# Lux vs Nits - My "lux" reader appears to be reading as nits. Please explain to me



## Damian5000 (May 26, 2016)

*Lux vs Nits - My "lux" reader appears to be reading as nits. Please explain to me*

Hello all. I have a lux meter which appears to be reading the same as nit ratings for various mobile displays. For example, a phone is advertised as having a display brightness of 500 nits. I check with my lux meter and it reads about 500. But according to what I've read, lux is 3.14x nits. Which if it's true, then the display is really 160 nits? Which I think can't be the case, as that's well below specs and quite dim, yet the display is very bright. This isn't just with a single mobile, but with many. 

Can anyone explain this in layman's terms what's up?


----------



## SemiMan (May 26, 2016)

*Re: Lux vs Nits - My "lux" reader appears to be reading as nits. Please explain to me*



Damian5000 said:


> Hello all. I have a lux meter which appears to be reading the same as nit ratings for various mobile displays. For example, a phone is advertised as having a display brightness of 500 nits. I check with my lux meter and it reads about 500. But according to what I've read, lux is 3.14x nits. Which if it's true, then the display is really 160 nits? Which I think can't be the case, as that's well below specs and quite dim, yet the display is very bright. This isn't just with a single mobile, but with many.
> 
> Can anyone explain this in layman's terms what's up?



You should know you can't believe everything you read on the internet and most stuff is posted by people far far from being experts in their field.

You cannot convert directly from lux to nits.

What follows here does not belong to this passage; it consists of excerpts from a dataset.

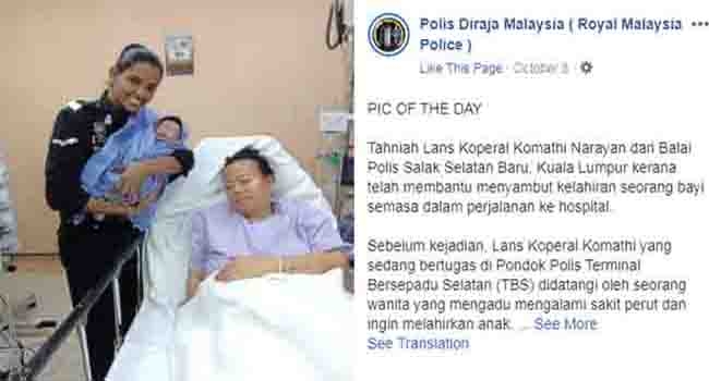 പൂര്ണഗര്ഭിണിയായ ഒരു ഇന്തോനേഷ്യന് യുവതി ക്വാലലംപൂരിലെ ബെര്സാപദുവില് ബസിറങ്ങി. ഉടനെ ഇവര്ക്ക് പ്രസവവേദന ആരംഭിക്കുകയായിരുന്നു. ഉടന് തന്നെ ഇവര് പോലീസിന്റെ സഹായം അഭ്യര്ഥിക്കുകയായിരുന്നു.
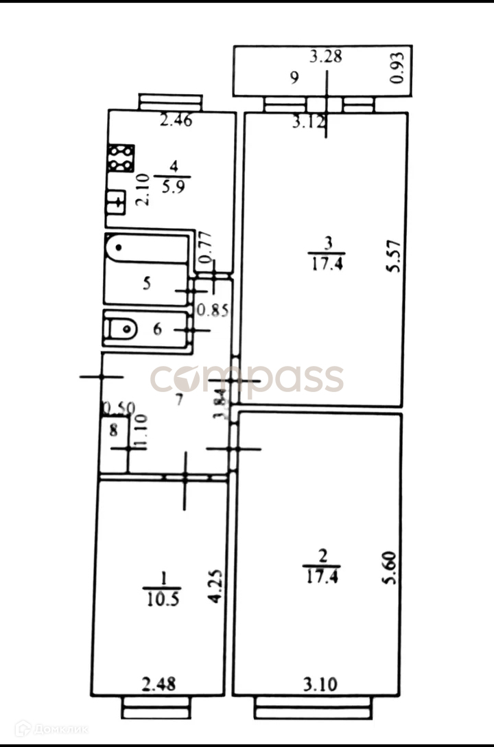 Общая площадь 61.5 м2
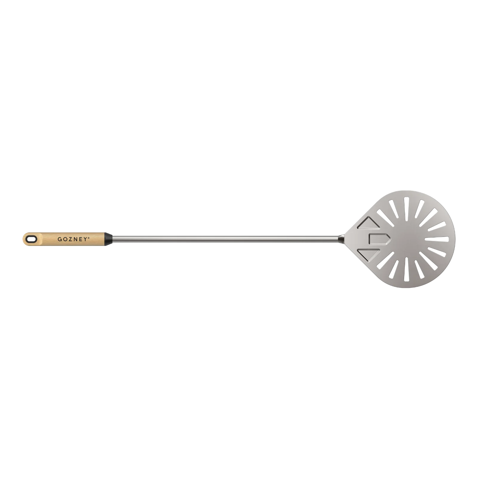 Next-level performance is effortless to handle with the Balance Turning Peel. Combining a larger aluminum blade with a comfortable Beech wood handle, this durable turning peel enables you to turn and move pizza with greater ease and control. The tear drop shape is designed to enhance the turning motion, with the entire blade being pressed and welded for a snag-free experience. The perforated metal lets excess flour fall through for delicious crust without the unwanted burnt taste. Designed to be ergonomic, the wood handle shifts the center of gravity closer to the hand for more control when moving pizza. The soft touch of the wooden handle is timeless and classic in its feel. Create pizza with confidence with the perfect balance of performance and ease.
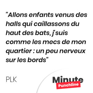 Allons enfants venus des halls qui caillassons du haut des bats, j’suis comme les mecs de mon quartier : un peu nerveux sur les bords
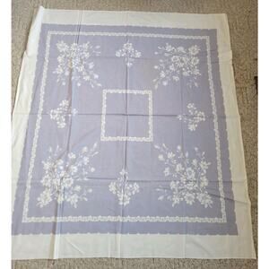 Vtg White Blue Floral Home Decor Kitchen Dining Rectangle Tablecloth 52.5"x46"
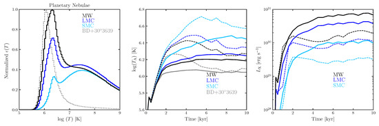 Using the extensively tested Chianti database version 7.1.3 [17], we calculated the emission coefficient corresponding to the soft X-ray energy band (0.3–2.0 keV). Figure 2 (left) shows the emission coefficient for PNe chemical abundances in our Galaxy and in the Large and Small Magellanic Clouds (LMC and SMC, respectively) (see Appendix in [13] for details). Note that the different curves show two peaks: the main one peaks around log depending on the abundance set. The secondary peak at log is only present for the hydrogen rich cases.
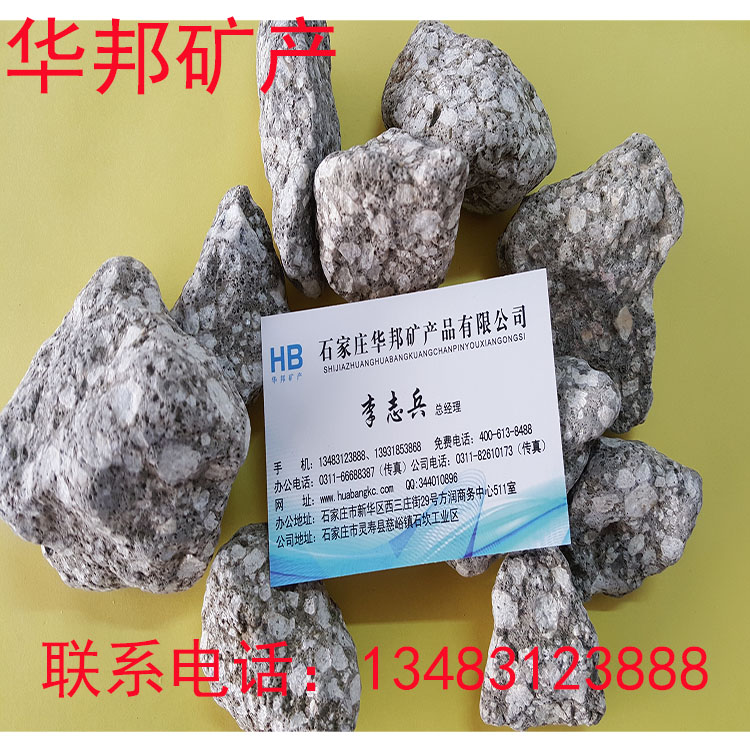 石家莊華邦礦產(chǎn)品有限公司是集生產(chǎn)、加工、銷(xiāo)售于一體的建材企業(yè),公司位于河北省靈壽縣慈峪鎮(zhèn)石坎工業(yè)區(qū),距河北省會(huì)石家莊50公里,距首都北京260公里,交通、通訊便利,礦產(chǎn)資源豐富,我公司分建加工、包裝、倉(cāng)儲(chǔ)等車(chē)間,并擁有現(xiàn)代化的生產(chǎn)和化驗(yàn)檢測(cè)設(shè)備。我公司充分利用當(dāng)?shù)氐牡乩韮?yōu)勢(shì)和資源優(yōu)勢(shì),并引進(jìn)現(xiàn)代先進(jìn)的生產(chǎn)工藝,并聘請(qǐng)行業(yè)的專(zhuān)家實(shí)行科學(xué)管理,建立了多層管理體系,對(duì)產(chǎn)品質(zhì)量嚴(yán)格把關(guān),絕對(duì)保證交貨期和發(fā)貨相關(guān)服務(wù)。我們現(xiàn)已和多家國(guó)內(nèi)外生產(chǎn)單位、貿(mào)易單位建立了長(zhǎng)期的合作關(guān)系。

That 3.14 makes an assumption that is just not true for most displays. Mobile displays concentrate their light into a narrow viewing window to maximize battery life. That makes that 3.14 conversion factor pretty much useless.


----------



## Damian5000 (May 27, 2016)

*Re: Lux vs Nits - My "lux" reader appears to be reading as nits. Please explain to me*



SemiMan said:


> You should know you can't believe everything you read on the internet and most stuff is posted by people far far from being experts in their field.
> 
> You cannot convert directly from lux to nits. That 3.14 makes an assumption that is just not true for most displays. Mobile displays concentrate their light into a narrow viewing window to maximize battery life. That makes that 3.14 conversion factor pretty much useless.


The sensor is directly up against the display reading it straight on. 

Beyond that, why is the lux meter giving readings that correlate with manufacturer's nit specs?


----------